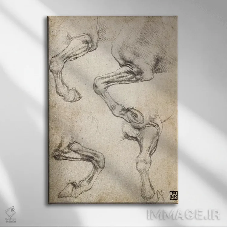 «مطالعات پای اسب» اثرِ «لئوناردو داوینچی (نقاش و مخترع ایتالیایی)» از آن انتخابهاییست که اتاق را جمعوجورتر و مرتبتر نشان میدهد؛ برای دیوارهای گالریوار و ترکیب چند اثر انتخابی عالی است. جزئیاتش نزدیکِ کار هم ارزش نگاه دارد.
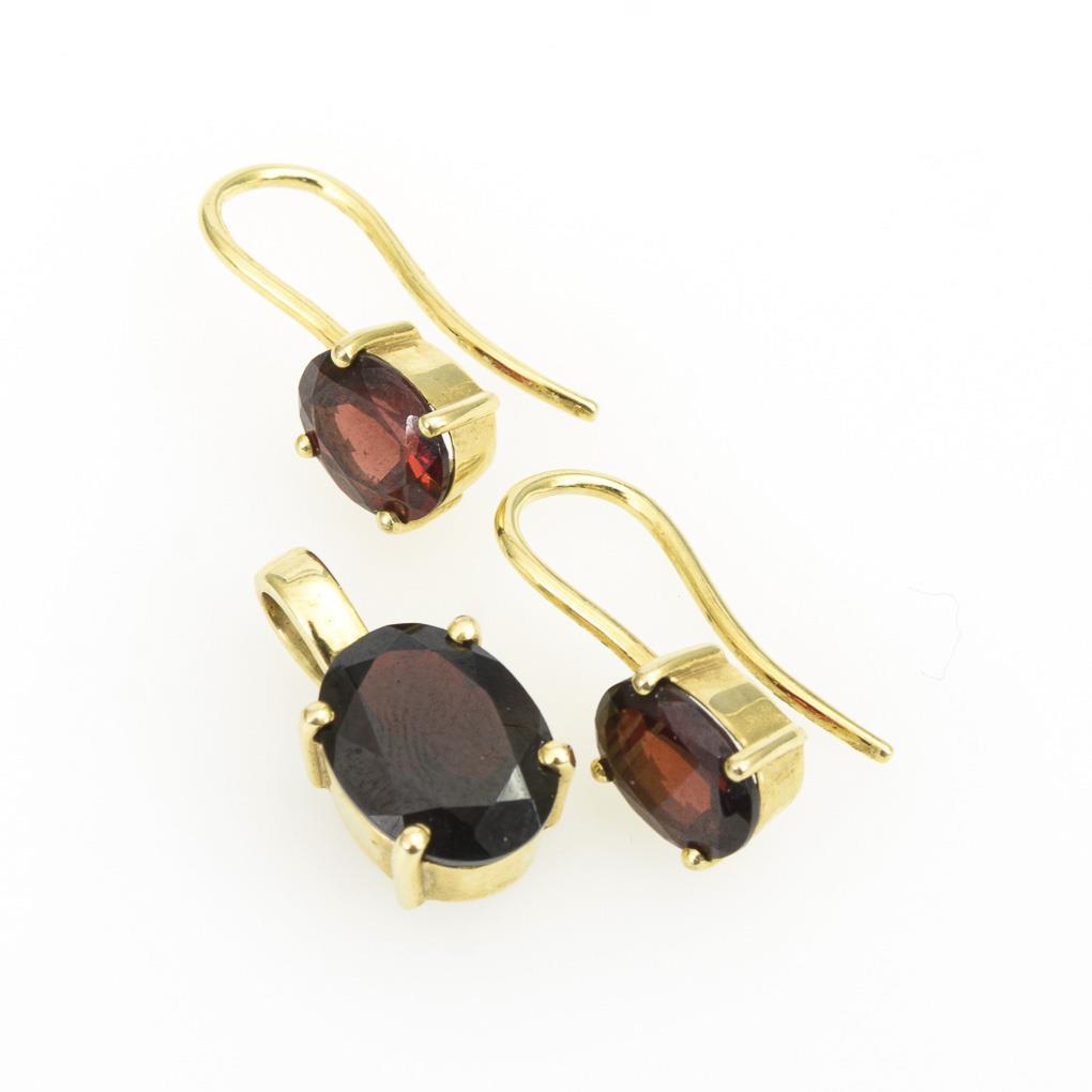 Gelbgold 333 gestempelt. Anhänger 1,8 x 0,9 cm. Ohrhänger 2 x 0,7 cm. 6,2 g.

━━━━

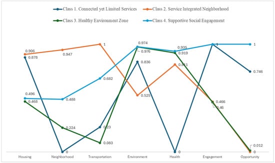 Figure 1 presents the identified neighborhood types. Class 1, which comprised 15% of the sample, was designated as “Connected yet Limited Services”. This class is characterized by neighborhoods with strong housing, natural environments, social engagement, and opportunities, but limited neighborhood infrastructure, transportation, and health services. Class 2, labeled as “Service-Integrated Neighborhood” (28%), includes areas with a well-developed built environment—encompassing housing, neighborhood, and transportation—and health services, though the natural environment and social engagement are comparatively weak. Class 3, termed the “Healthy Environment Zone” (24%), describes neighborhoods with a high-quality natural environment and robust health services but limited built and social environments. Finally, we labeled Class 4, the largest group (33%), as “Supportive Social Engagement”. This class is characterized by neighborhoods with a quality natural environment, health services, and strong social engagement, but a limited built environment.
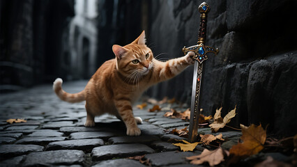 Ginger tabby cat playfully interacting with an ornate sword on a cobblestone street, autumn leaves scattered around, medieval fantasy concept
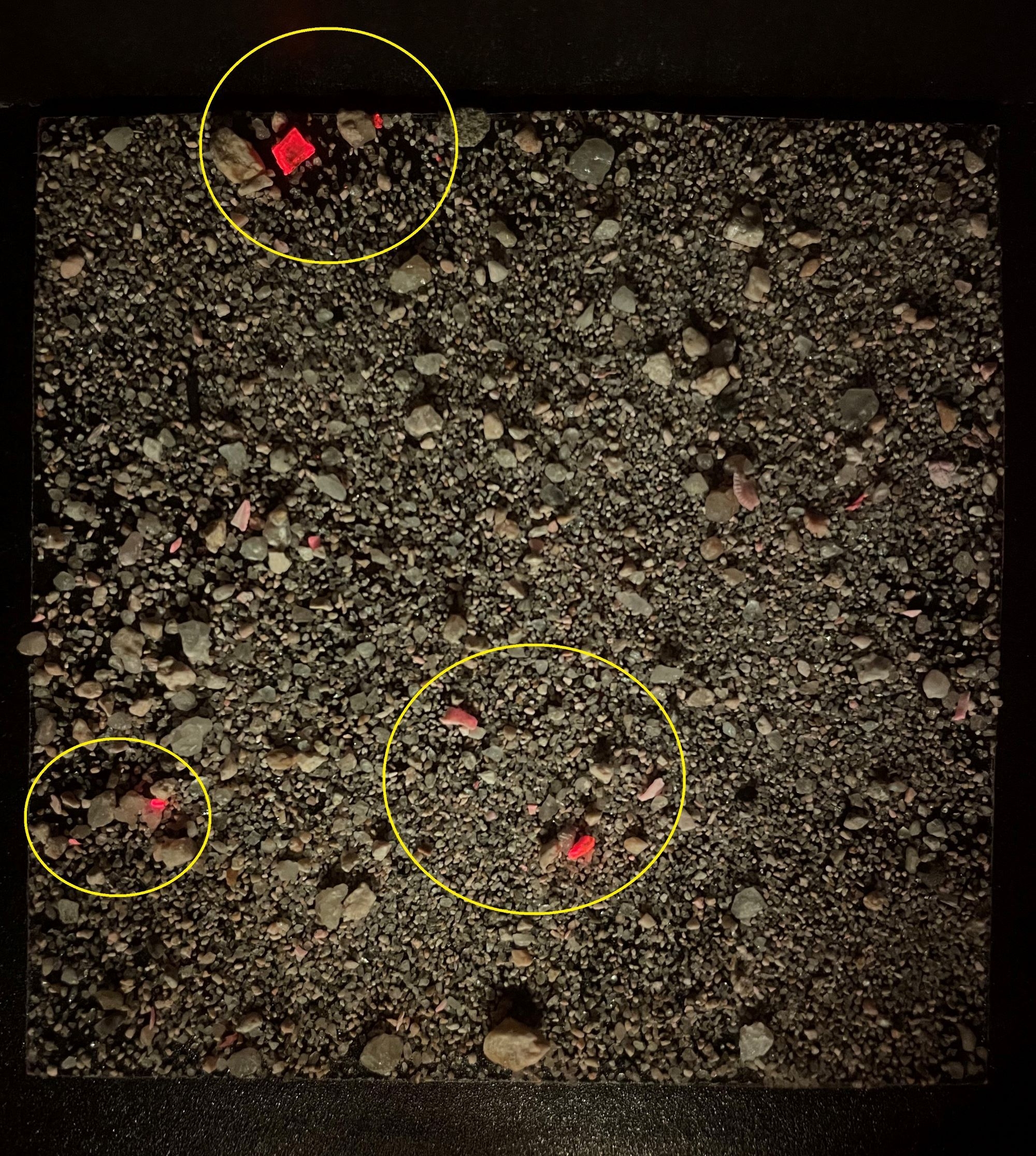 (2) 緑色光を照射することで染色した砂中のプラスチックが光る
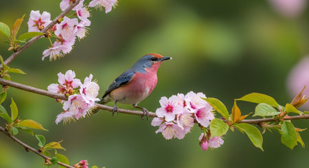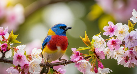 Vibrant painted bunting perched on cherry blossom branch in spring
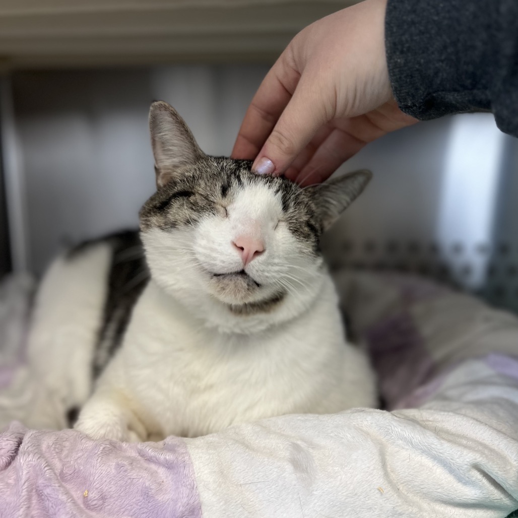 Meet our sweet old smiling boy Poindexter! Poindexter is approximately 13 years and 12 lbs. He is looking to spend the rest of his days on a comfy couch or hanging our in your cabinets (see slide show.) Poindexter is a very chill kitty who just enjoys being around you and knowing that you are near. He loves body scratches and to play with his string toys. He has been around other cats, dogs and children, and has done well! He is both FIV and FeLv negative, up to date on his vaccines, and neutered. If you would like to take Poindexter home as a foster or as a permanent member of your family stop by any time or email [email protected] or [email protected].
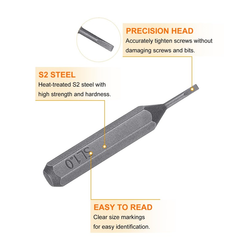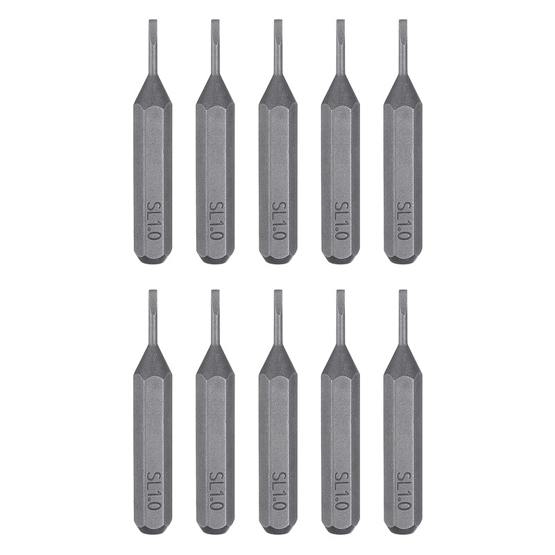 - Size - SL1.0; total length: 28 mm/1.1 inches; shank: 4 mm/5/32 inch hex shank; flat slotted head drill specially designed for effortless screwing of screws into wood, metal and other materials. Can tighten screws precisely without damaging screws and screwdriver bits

━━━━

### WORK TO BE COMPLETED
Return exactly the part of the listing above that opens with the line containing "Ginger tabby cat" and closes with the line containing "Vibrant painted bunting". Pictures stay out.

### ANSWER BOX
 Ginger tabby cat playfully interacting with an ornate sword on a cobblestone street, autumn leaves scattered around, medieval fantasy concept
 (2) 緑色光を照射することで染色した砂中のプラスチックが光る
 Vibrant painted bunting perched on cherry blossom branch in spring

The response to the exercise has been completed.